Non-site-specific radiolabelling: [18F]Fluoropyridinecarboxaldehyde ([18F]FPCA)
The ease with which pyridine can be fluorinated at both the C2 and C4 positions, attributable
to the presence of the nitrogen ‘electron-sink’, has led to an increasing number of pyridine-
based prosthetic groups [40, 47, 48]. One such example is [18F]FPCA, a water-soluble 18F
prosthetic group developed by Morris et al. [40]. Its radiosynthesis has been fully-automated
using a customised GE Tracerlab FX-FN with [18F]FPCA RCY of 28 ± 2 % (d.c., n = 10)
reported [40]. Morris et al. [40] describe the replaced purification of [18F]FPCA with SPE for
time-saving reasons and to simplify automation and improve reproducibility [40], as was
reported by Speranza et al. [45] for the purification [18F]FBA. The automation of [18F]FPCA
was thereby extended to include the subsequent radiolabelling of an APP.
Non-site-specific radiolabelling: N-Succinimidyl-4-[18F]fluorobenzoate ([18F]SFB)
[18F]SFB, similarly to [18F]FPCA, radiolabels APPs through conjugation with the inherent
nucleophilic sites of the APP. Unlike the other amine-reactive prosthetic groups described,
[18F]SFB has the advantage that it does not require a reducing agent. Alkylation of APPs with
[18F]SFB is commonly carried out between pH 8 and 9 to deprotonate APP amine groups [49].
Automation of [18F]SFB radiosynthesis has been described by Zijlstra et al. [49]; in brief:
[18F]SFB was produced by first synthesising ethyl 4-[18F]fluorobenzoate through fluorination
of a trimethylammonium-precursor [49]. 4-[18F]Fluorobenzoic acid was then produced by
base hydrolysis of the fluorinated ester [49]. In the final step, a succinimide-containing synthon
(O-[N-succinimidyl]-N,N,N,N-tetramethyluronium tetrafluoroborate) (TSTU) was incubated
with 4-[18F]fluorobenzoic acid to yield [18F]SFB in yields of ≤ 35 % (d.c.) and RCP of 98 %
[49].
High RCP values were reported despite having to reuse SPE cartridges owing to limitations
of the automated radiochemistry module [49]. [18F]SFB was used to radiolabel the apoptosis
radiotracer, annexin-V (30 kDa), and RCY of ≤ 20 % (d.c.) were reported [49]. In vitro
experiments using apoptotic cells verified the selectivity of [18F]annexin-V and cell uptake of
the radiotracer was dose dependent in experiments where varying concentrations of
unradiolabelled annexin-V were used, thereby verifying retention of the biological activity of
[18F]annexin-V [49]. Conjugation of [18F]SFB to an APP, such as annexin-V, can be seen in
Figure 4.
Figure 4) Reaction scheme to show APP radiolabelling with [18F]SFB
Non-site-specific radiolabelling: Evaluation of non-site-specific methods
Thus far, this review has described the use of 18F prosthetic groups to radiolabel APPs via a
non-site-specific pathway.
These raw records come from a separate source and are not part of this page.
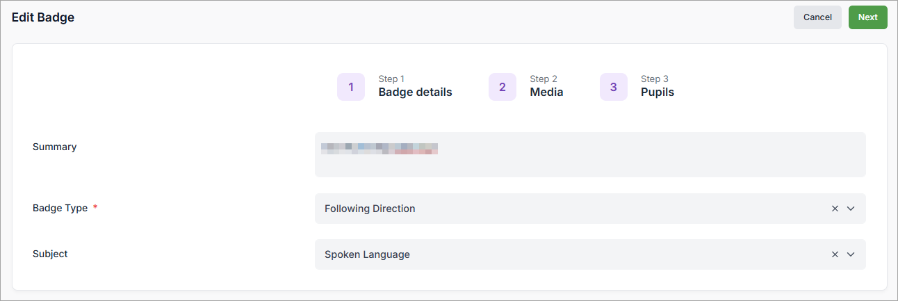- Make any changes to the Summary, Badge Type or Subject as required: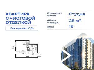 Продается квартира студия в жилом комплексе "Высота" от ГК СТОУН нa 16 этаже. Общaя площадь cоcтaвляeт 26.01 кв. м.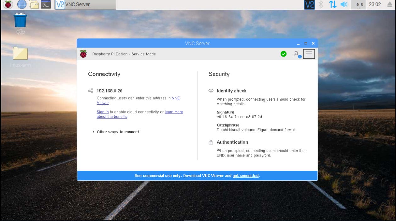 Uzak masaüstü bağlantısını yapmak için VNC server’ı açıp, “Connectivity” altında yer alan IP adresimizi bağlanmak için kullanacağız.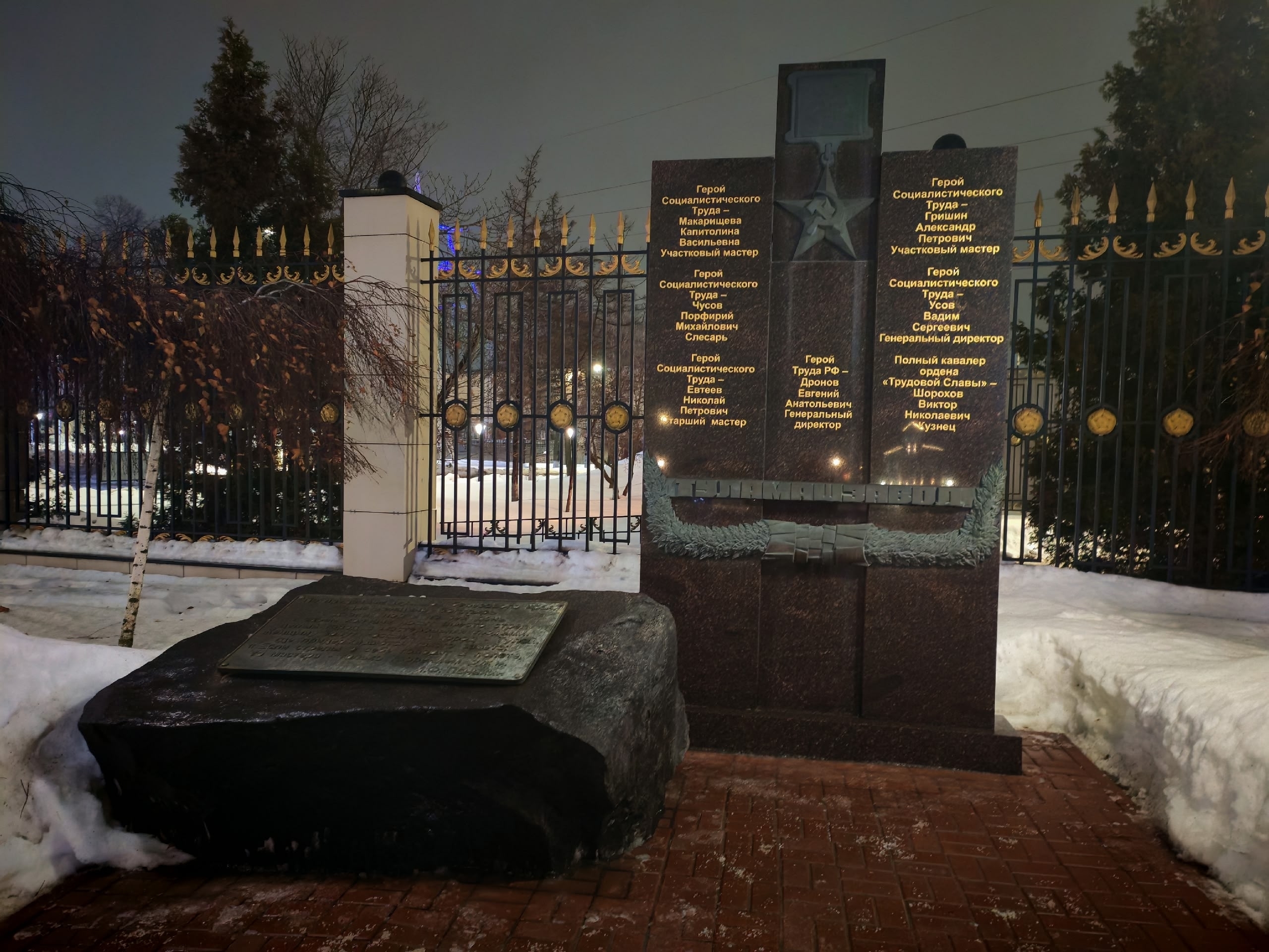 Памятный знак “Подвиг ратный, подвиг трудовой” установлен у главного въезда на территорию завода, перед Свято‑Владимирским храмом. Его расположение символизирует единство воинского и трудового подвига, подчёркивая взаимосвязь фронта и оборонной промышленности. Композиционное решение памятника отражает идею единства двух форм служения стране, военной и производственной. Он служит архитектурной доминантой входной зоны и задаёт мемориальный характер всему пространству предприятия.

Apana et al. [38] sought to establish the preferential site of non-site-
specific radiolabelling and their results indicated that the singly-substituted labelled APP,
also the major product, was N-terminally labelled suggesting this as the preferred site and the
likely site of [18F]FBA radiolabelling [38]. This was a useful undertaking in order to understand
the impact of labelling on the interaction of the APP with its binding site.
Table 2 summarises the radiosyntheses of the 18F-prosthetic groups discussed above. The
literature shows widespread use of [18F]FBA and [18F]SFB: they are well-established methods
and can achieve attractive RCY (≤ 90% d.c.) [45]. The commercial availability of the
[18F]FBA precursor augments its popularity and the additional advantage of not having to use
a reducing agents adds to the appeal of [18F]SFB. The popularity of the [18F]FBA and
[18F]SFB prosthetic reagents is reflected in the commercial availability of bespoke
molecularly imprinted polymer (MIP) SPE for their purification following nucleophilic
aromatic substitution of ammonium-containing precursors [40, 50].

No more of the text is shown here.